Recent studies have strongly implicated postsynaptic scaffolding proteins such as SAPAP3 or Shank3 in the pathogenesis of various mood disorders, including autism spectrum disorder, bipolar disorder (BD), and obsessive-compulsive disorders. Neural Abelson-related gene-binding protein 2 (nArgBP2) was originally identified as a protein that interacts with SAPAP3 and Shank3. Recent study shows that the genetic deletion of nArgBP2 in mice leads to manic/bipolar-like behavior resembling symptoms of BD. However, the function of nArgBP2 at synapse, or its connection with the synaptic dysfunctions, is completely unknown.
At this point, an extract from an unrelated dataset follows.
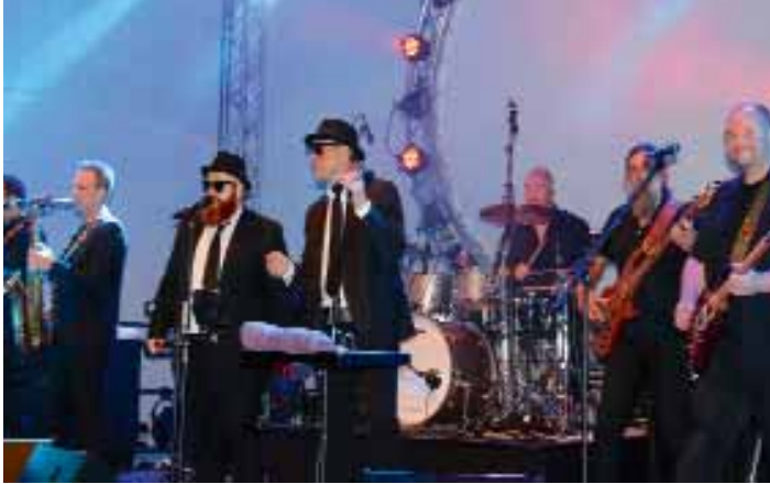
Musik auf verschiedenen Bühnen in der Innenstadt.

Die Besucher des Lohner Stadtfestes können sich auf ein abwechslungsreiches Programm freuen. Am 9. und 10. September 2017 gibt es ein buntes und abwechslungsreiches Programm. Eröffnet wird die 30. Auflage des Cityfestes am Samstagabend, um 18.00 Uhr mit dem „Fest der Kulturen“, im Meyerhof.

This study provides compelling evidence that nArgBP2 regulates the spine morphogenesis through the activation of Rac1/WAVE/PAK/cofilin pathway, and that its ablation causes a robust and selective inhibition of excitatory synapse formation, by controlling actin dynamics. Our results revealed the underlying mechanism for the synaptic dysfunction caused by nArgBP2 downregulation that associates with analogous human BD. Moreover, since nArgBP2 interacts with key proteins involved in various neuropsychiatric disorders, our finding implies that nArgBP2 could function as a hub linking various etiological factors of different mood disorders.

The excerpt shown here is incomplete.